Jetzt verlangt E den Lkw, der sich aufgrund der letzten Reparatur noch bei U befindet, von U heraus. Die
letzte Reparaturrechnung i.H.v. 180,70 € wurde von E beglichen.
U verweigert auch gegenüber E die Herausgabe mit der Begründung, ihm stünden ein Pfandrecht und
ein Zurückbehaltungsrecht an dem Lkw im Hinblick auf die unbezahlten Reparaturrechnungen aus den
früheren Reparaturen zu. Dazu verweist U darauf, dass – anders als bei der Reparatur des VW-Golf des M
– bei den Werkverträgen mit B jeweils seine Allgemeinen Geschäftsbedingungen Vertragsinhalt geworden seien (was zutrifft), in denen es u.a. heißt:
„Dem Werkunternehmer steht wegen seiner Forderungen aus dem Werkvertrag ein vertragliches
Pfandrecht an dem aufgrund des Werkvertrags in seinen Besitz gelangten Werkgegenstand zu. Das
Fortsetzung des Falltextes A 622
vertragliche Pfandrecht kann auch wegen Forderungen aus früher durchgeführten Arbeiten, Ersatzteillieferungen und sonstigen Leistungen geltend gemacht werden, soweit die mit dem Werkgegenstand
in einem Zusammenhang stehen.“
E erklärt dazu, es sei wohl richtig, dass die AGB Inhalt des Vertrags zwischen B und U geworden seien.

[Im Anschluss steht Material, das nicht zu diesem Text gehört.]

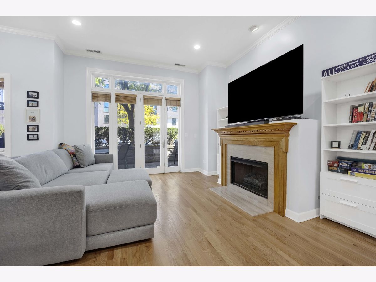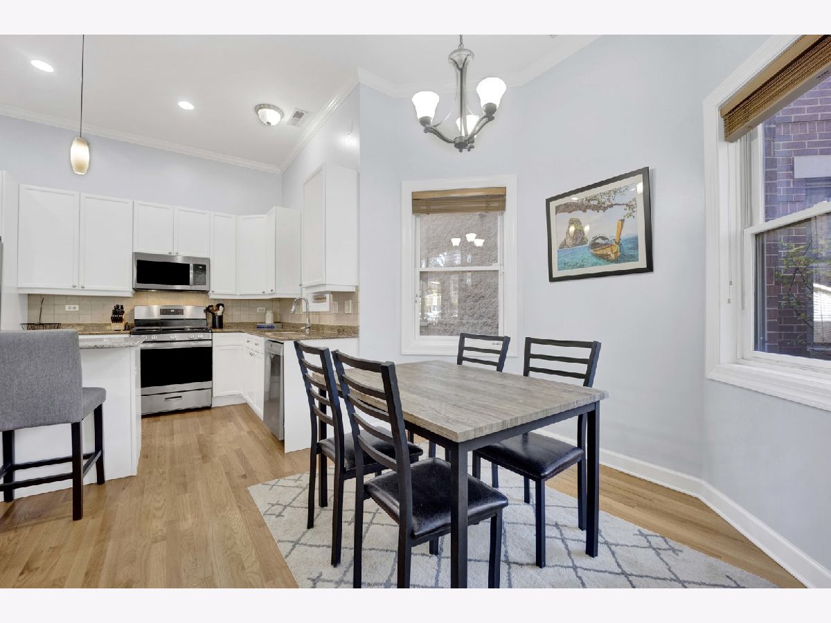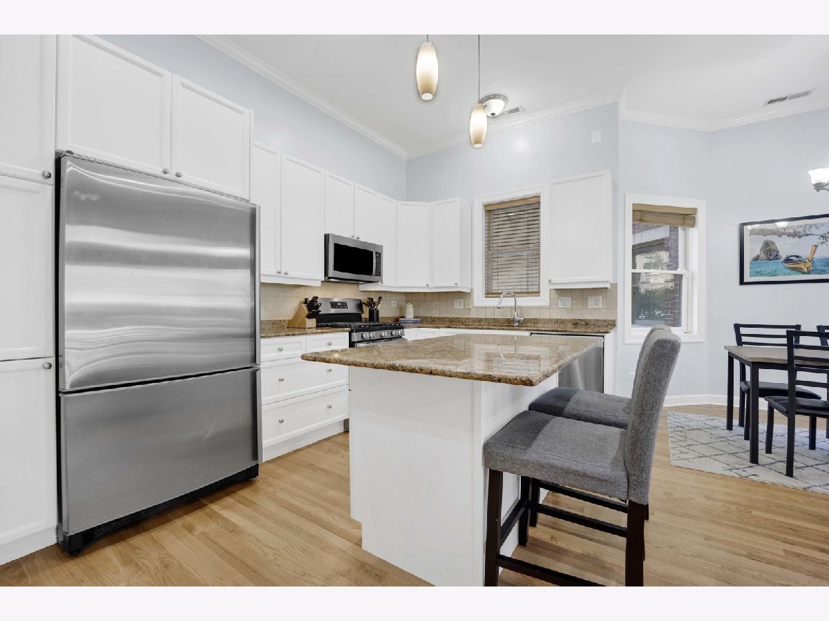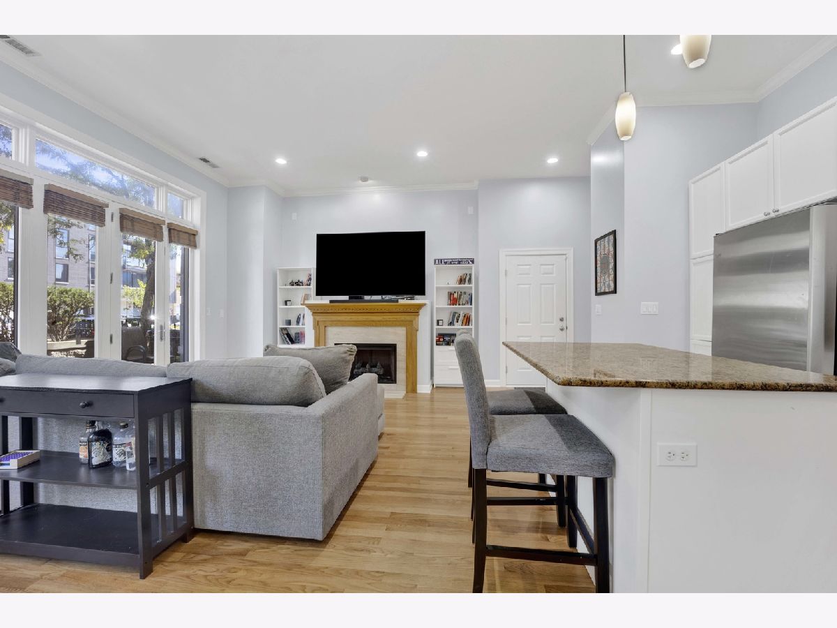 Be impressed by the peace and quiet of this stunning 2 bed, 2 bath Lakeview condo nestled between vibrant Southport Corridor and Roscoe Village! Step into a spacious open-concept living area with tall ceilings and an abundance of natural light. The living room features a cozy gas fireplace, perfect for relaxing evenings, and beautiful hardwood floors that flow seamlessly throughout the home. The open kitchen boasts an island with breakfast bar, stainless steel appliances, and incredible cabinet storage. Adjacent to the kitchen, a separate dining area offers a perfect setting for more formal meals. This home is wired for surround sound, making it perfect for hosting guests or enjoying a cinematic experience. Retreat to the expansive primary bedroom suite, complete with a luxurious soaking tub and ample closet space, creating a private oasis for relaxation. The second bedroom is also generously sized and offers flexibility for a guest room, home office, or workout space. Step outside to your private front patio, a serene spot for morning coffee or evening relaxation. Additional conveniences include a dedicated garage parking spot, or commute with ease with a 3 minute walk to the Brown Line and the Ashland bus across the street. Enjoy this unbeatably convenient location with the added bonus of a private and surprisingly quiet unit. Don't miss the opportunity to make this exquisite condo your new home!

Dies sei für ihn – E – aber ohne Bedeutung, denn B hätte keine Verpflichtungen zu seinen – des E – Lasten
eingehen können. Daraufhin erwidert U, er habe gar nicht gewusst, dass der Lkw dem E sicherungsübereignet worden sei.
Muss U den Lkw ohne Weiteres an E herausgeben oder kann er gegenüber E die Herausgabe bis zur Bezahlung der unbezahlten Rechnungen i.H.v. 4.280 € verweigern?
Vermerk für den/die Bearbeiter/in:
Nehmen Sie bitte in einem Gutachten zu den gestellten Fragen Stellung.